From: Andrea Arcangeli <andrea@suse.de>
To: Mel Gorman <mel@csn.ul.ie>
Cc: Andrea Arcangeli <andrea@suse.de>,
Christoph Lameter <clameter@sgi.com>,
torvalds@linux-foundation.org, linux-fsdevel@vger.kernel.org,
linux-kernel@vger.kernel.org, Christoph Hellwig <hch@lst.de>,
Mel Gorman <mel@skynet.ie>,
William Lee Irwin III <wli@holomorphy.com>,
David Chinner <dgc@sgi.com>, Jens Axboe <jens.axboe@oracle.com>,
Badari Pulavarty <pbadari@gmail.com>,
Maxim Levitsky <maximlevitsky@gmail.com>,
Fengguang Wu <fengguang.wu@gmail.com>,
swin wang <wangswin@gmail.com>,
totty.lu@gmail.com, hugh@veritas.com, joern@lazybastard.org
Subject: Re: [00/41] Large Blocksize Support V7 (adds memmap support)
Date: Tue, 11 Sep 2007 21:20:52 +0200 [thread overview]

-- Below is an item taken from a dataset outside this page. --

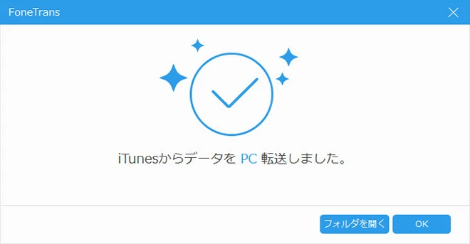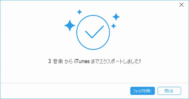 - あとはソフトが音楽をiTunesにコピーするのを待つだけで、次のような画像が表示されたら、iPhoneの音楽がiTunesに正常にエクスポートされたことになります。

Message-ID: <20070911192052.GA14675@v2.random> (raw)
In-Reply-To: <1189535461.32731.75.camel@localhost>
Hi,
On Tue, Sep 11, 2007 at 07:31:01PM +0100, Mel Gorman wrote:
> Now, the worst case scenario for your patch is that a hostile process
> allocates large amount of memory and mlocks() one 4K page per 64K chunk
> (this is unlikely in practice I know). The end result is you have many
> 64KB regions that are now unusable because 4K is pinned in each of them.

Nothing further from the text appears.